Hi all,
I'm trying to create the following map:
First layer: SAS map.germany via proc gmap.
Second layer: imported shapefile (german lakes) - it can be displayed on top of the map by using the annotate poly & polycont function.
But the problem is: the coordinates don't match. I've tried two ways to solve this:
1) The SAS map has projected (Albers) coordinates in meter. If I use gproject to project the imported shapefile in the same projection, I'll get the coordinates in radians, not in meter.
2) If I project the shapefile in ArcMap before importing it into SAS, I get different meter values. (SAS map: 3xxxxxx,6xxxxxx. Imported Shapefile: -1xxxxx, 2xxxxxx) Tried Albers, Lambert and Equal Conic - all with the same result.
How can I get these two datasets in the same coordinate system, so that they can be mapped together?
Any help would be appreciated.
Not really an area where I can be of much help, but does the following SAS sample and SUGI paper provide any direction?:
http://support.sas.com/rnd/datavisualization/mapsonline/html/ginside_germany.html
http://www.sascommunity.org/sugi/SUGI87/Sugi-12-89%20Chojnacky%20Tymcio.pdf
Thanks Arthur, but unfortunately that's not what I need in this case.
I don't know if this will help but when I was using two different map sources it worked better to combine the data with the coordinates (latitude and longitude) before projection and then separate the parts out after.
Hhmm nice thought, but the problem is the SAS germany map is already projected - unfortunately SAS doesn't provide a map dataset for germany containing lat/long values as far as I know...

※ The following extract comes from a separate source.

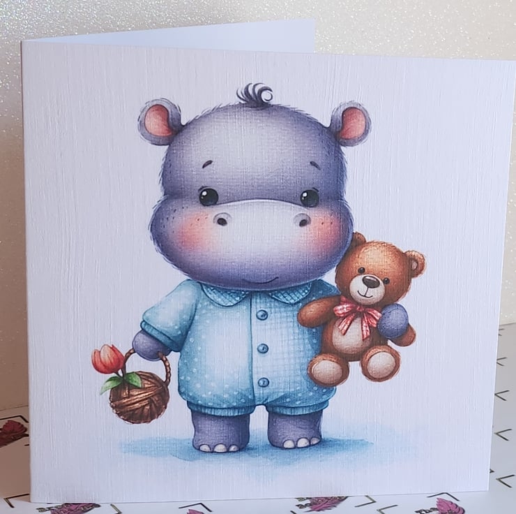 Meet Hugo! An adorable and unique way of congratulating the new parents, Hugo is wearing pj's and holding his very own teddy bear. This 300gsm white linen effect card features my watercolour image of Hugo and is left blank for you to add your own message inside. It comes with a matching envelope and is wrapped in a cellophane card bag.
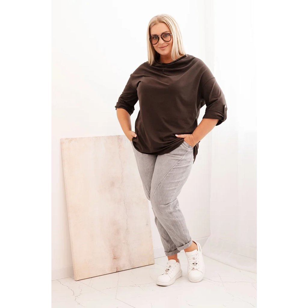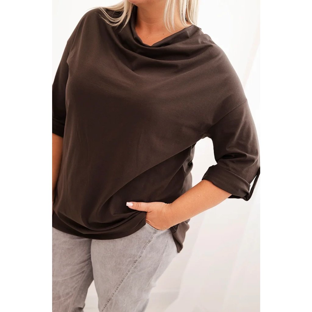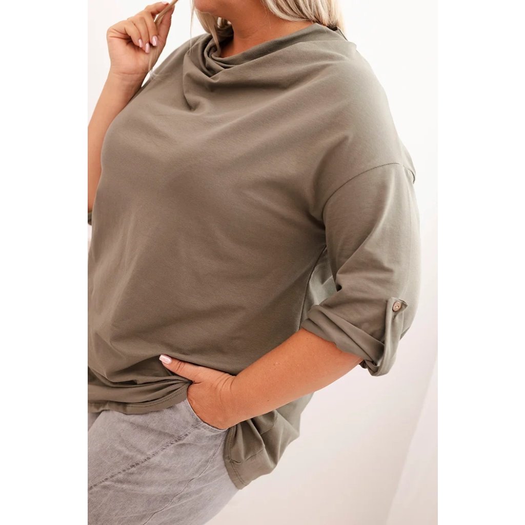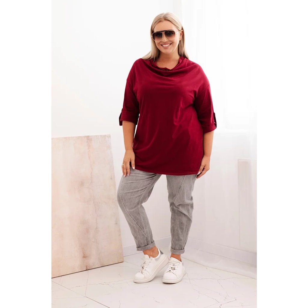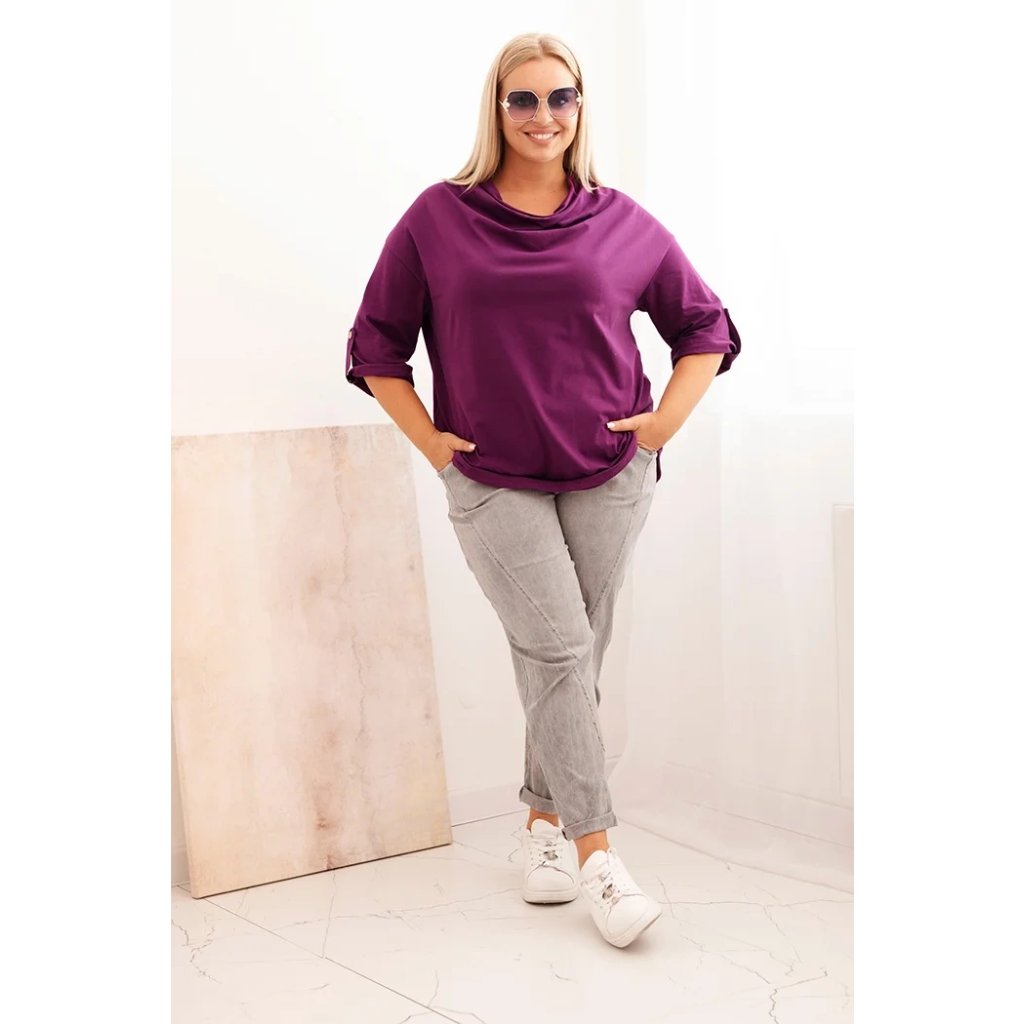 Štýlová a pohodlná dámska blúza plus size s bavlnou s efektným vodným výstrihom je vynikajúcou voľbou pre každodenné štylizácie aj pre elegantnejšie outfity. Mäkká bavlnená pletenina s prídavkom elastanu sa dokonale prispôsobuje postave a neobmedzuje pohyby. Voľný strih skvele zakrýva nedokonalosti a vodný výstrih jemne podčiarkuje ženský charakter štylizácie.

The first link I included contained the following comment in the code:
* THIS PROGRAM USES MAPS.GERMANY SAS RELEASE 9.2 *
* Given a dataset containing city names and latitude longitude *
* it can easily be annotated onto a map whose coordinates are *
* also in latitude and longitude. *
* However, if the desire is to include, in the dataset, the *
* region or province within which a city falls, one can *
* accomplish this with GINSIDE...as this sample shows *
Interesting. When I look at the MAPS library supplied in my version of SAS 9.2 the Germany data set has LAT and LONG with the unit in radians. X and Y are the Lambert projected longitude and latitude from the variable labels.
Maybe time to visit the SAS tech support downloads and see if other versions of the files are available.
The online example program GPJANNOT for GPROJECT shows conversion from degrees to radians.
You are right! I seemed to have lost these lat/long values somewhere on the way... Ok, now I can try the combined projection - thanks a lot!